→ **WHAT IS REQUIRED**: Print exactly the lines below between the line containing "MR. NIEDERIAN:If the" and the line containing "只要條件合適,根莖類蔬菜可以", counting both of those lines. Leave pictures out.

→ **DATA**:
###

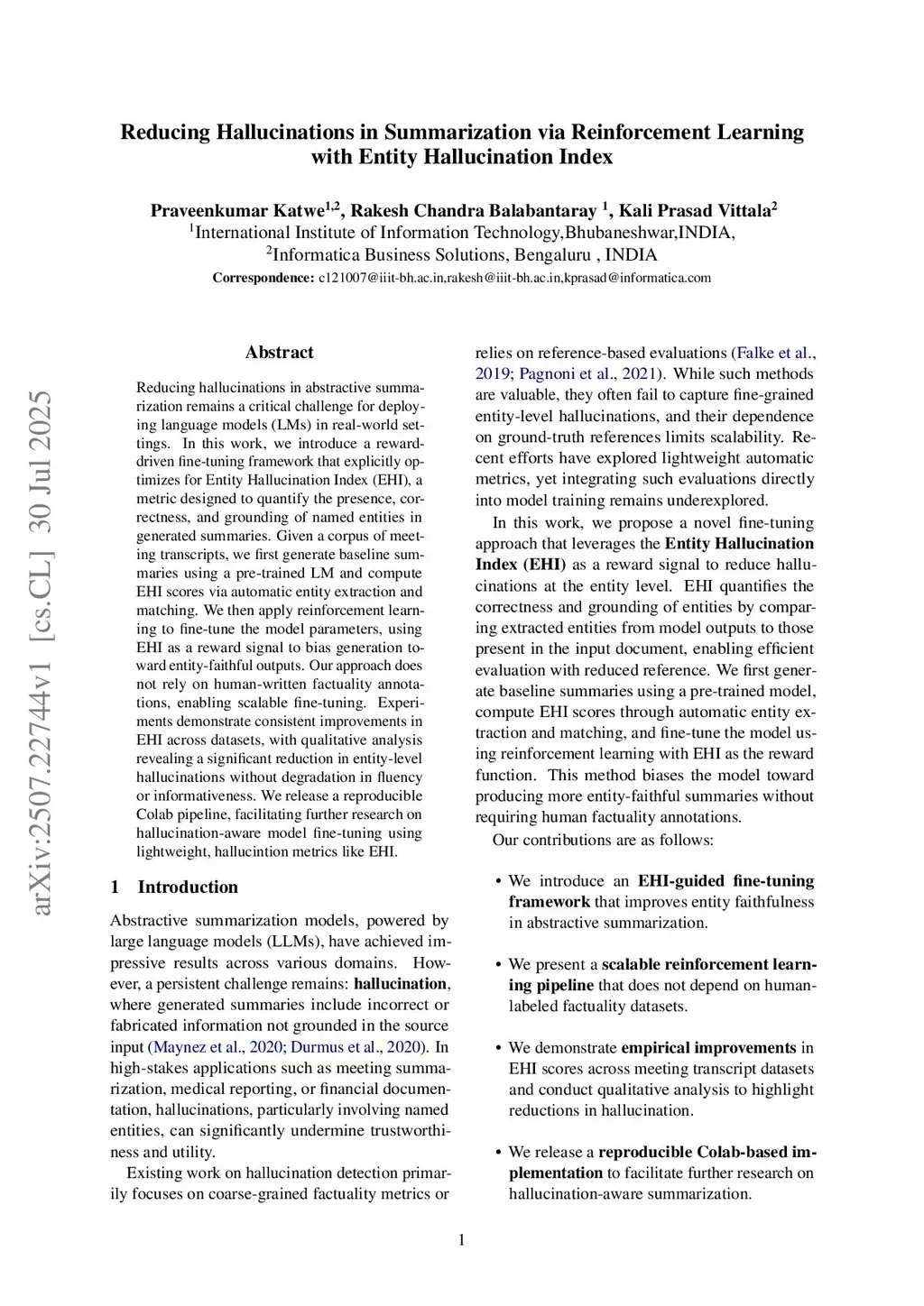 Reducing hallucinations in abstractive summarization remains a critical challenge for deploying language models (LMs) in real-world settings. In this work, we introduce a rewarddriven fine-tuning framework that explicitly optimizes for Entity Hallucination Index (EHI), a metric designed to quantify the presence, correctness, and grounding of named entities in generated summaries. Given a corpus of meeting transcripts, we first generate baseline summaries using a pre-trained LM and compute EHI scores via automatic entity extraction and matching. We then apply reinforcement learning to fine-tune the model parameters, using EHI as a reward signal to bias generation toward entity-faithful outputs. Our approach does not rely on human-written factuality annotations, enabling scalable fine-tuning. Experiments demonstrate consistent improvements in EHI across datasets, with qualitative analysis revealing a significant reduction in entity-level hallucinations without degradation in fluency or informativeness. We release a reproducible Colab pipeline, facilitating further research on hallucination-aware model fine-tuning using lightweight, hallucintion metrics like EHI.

###

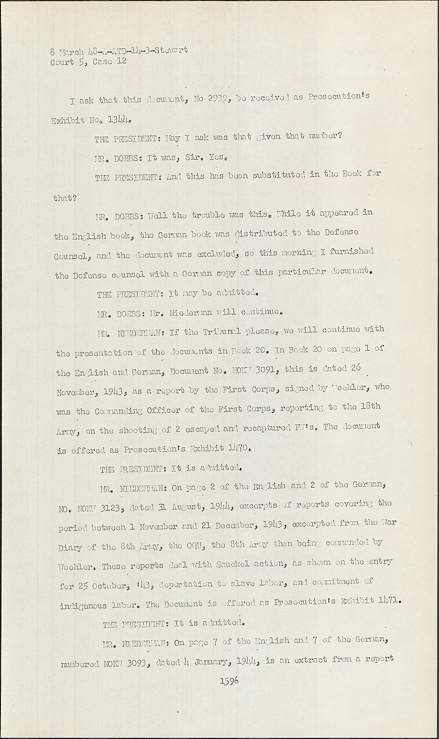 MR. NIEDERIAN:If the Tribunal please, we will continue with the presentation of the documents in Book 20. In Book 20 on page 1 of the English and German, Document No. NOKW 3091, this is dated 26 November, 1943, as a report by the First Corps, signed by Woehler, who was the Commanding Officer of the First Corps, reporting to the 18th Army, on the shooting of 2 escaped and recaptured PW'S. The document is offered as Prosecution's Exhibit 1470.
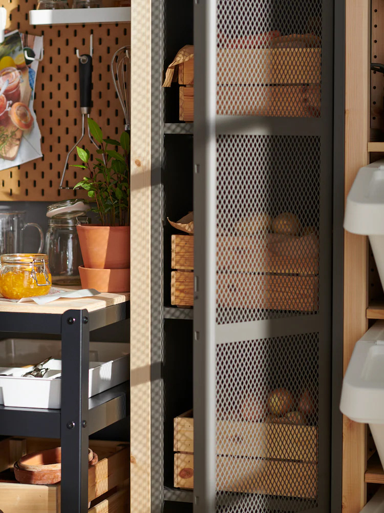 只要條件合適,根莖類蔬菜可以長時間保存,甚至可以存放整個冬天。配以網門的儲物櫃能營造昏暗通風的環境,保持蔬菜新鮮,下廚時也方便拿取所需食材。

###

→ **RESPONSE TO THIS TASK**:
 MR. NIEDERIAN:If the Tribunal please, we will continue with the presentation of the documents in Book 20. In Book 20 on page 1 of the English and German, Document No. NOKW 3091, this is dated 26 November, 1943, as a report by the First Corps, signed by Woehler, who was the Commanding Officer of the First Corps, reporting to the 18th Army, on the shooting of 2 escaped and recaptured PW'S. The document is offered as Prosecution's Exhibit 1470.
 只要條件合適,根莖類蔬菜可以長時間保存,甚至可以存放整個冬天。配以網門的儲物櫃能營造昏暗通風的環境,保持蔬菜新鮮,下廚時也方便拿取所需食材。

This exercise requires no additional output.